CPU Inference Performance: Qwen3.6 35B A3B Q4_K_M on Intel Core Ultra 7 165H (AVX2, 64GB RAM) Yields 10 tps in Non-Thinking Mode
English summary
A Reddit user with an Intel Core Ultra 7 165H (AVX2, no AVX512) and 64GB RAM tested Qwen3.6 35B A3B Q4_K_M using standard llama.cpp for CPU inference. They observed approximately 10 tokens per second (tps) in non-thinking mode, which they considered usable, but performance in thinking mode was not usable.
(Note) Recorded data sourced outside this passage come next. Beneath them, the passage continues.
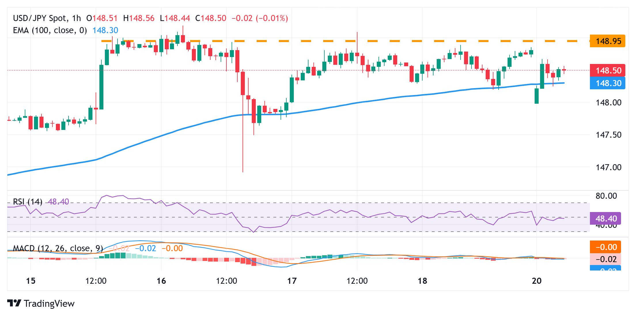 From a technical perspective, the USD/JPY pair once again showed some resilience below the 100-hour Exponential Moving Average (EMA). However, the recent failure to find acceptance above the 149.00 mark warrants some caution for bulls. Hence, it will be prudent to wait for some follow-through buying beyond the 149.15-149.20 region, or a multi-month peak, before positioning for any further gains. Given that oscillators on the daily chart are holding comfortably in positive territory, spot prices might then aim to reclaim the 150.00 psychological mark.
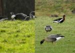 A 3 hour wild goose chase today eventually paid dividends with the Red Breasted Goose being seen from Eagland Hill from 14.55 to 15.10. With 100's of Pink Footed and Greylag Geese and 5 Eurasian White Fronted Geese. Arrived there at 13.45 to be told the bird was out of site, but after an hours shivering all the geese were spooked by a microlite and great views were had of it flying and then on the ground.
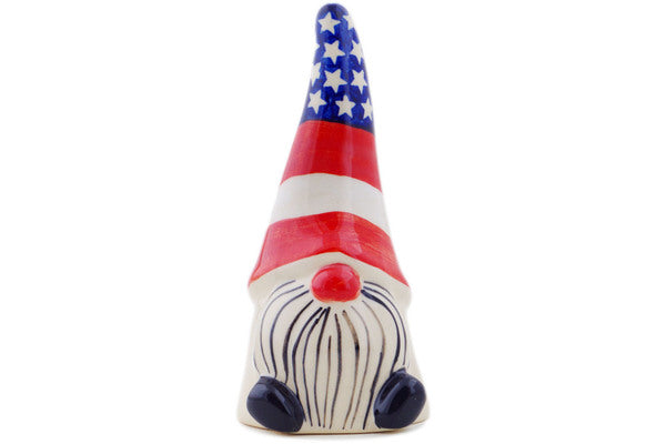This Polish Pottery Gnome Figurine is handmade and handpainted by the Ceramika Bona factory in Boleslawiec, Poland. Manufacturer item number H2103R. It is 7¼" high and measures 3¼" by 2¾". The weight of this Gnome Figurine is 0.7 lbs. It is part of the Stars And Stripes Collection.
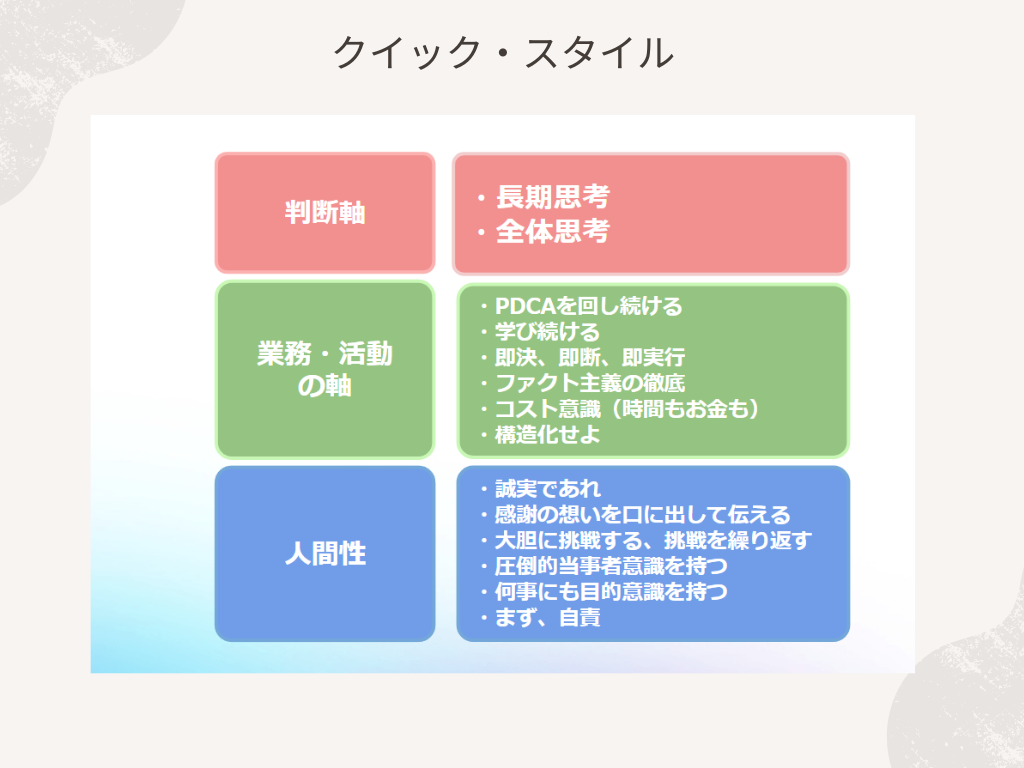 *クイック・スタイルとは、当社が掲げる行動指針。

The user is seeking recommendations for other models, quantizations, or llama.cpp versions that might better leverage the high RAM but limited compute/bandwidth of their massive MoE setup.
Chinese summary
一位Reddit用户使用Intel Core Ultra 7 165H(AVX2,无AVX512)和64GB内存,通过标准llama.cpp测试了Qwen3.6 35B A3B Q4_K_M的CPU推理。在非思考模式下获得约10 tps,用户认为可用,但思考模式性能不可接受。该用户正在寻求其他模型、量化或llama.cpp版本的建议,以更好地利用其高内存但有限计算/带宽的庞大MoE配置。
Key points
Hardware: Intel Core Ultra 7 165H, AVX2 support, 64GB RAM, no AVX512.
硬件:Intel Core Ultra 7 165H,支持AVX2,64GB内存,无AVX512。
Model tested: Qwen3.6 35B A3B (Mixture-of-Experts) with Q4_K_M quantization.
测试模型:Qwen3.6 35B A3B(混合专家模型),采用Q4_K_M量化。
Inference engine: standard llama.cpp, yielding ~10 tps in non-thinking mode, but unusable in thinking mode.
推理引擎:标准llama.cpp,非思考模式约10 tps,思考模式不可用。
User seeks better model/quants/forks for CPU inference on high-RAM, low-bandwidth systems.
用户寻求在高内存、低带宽系统上更优的CPU推理模型、量化或分支。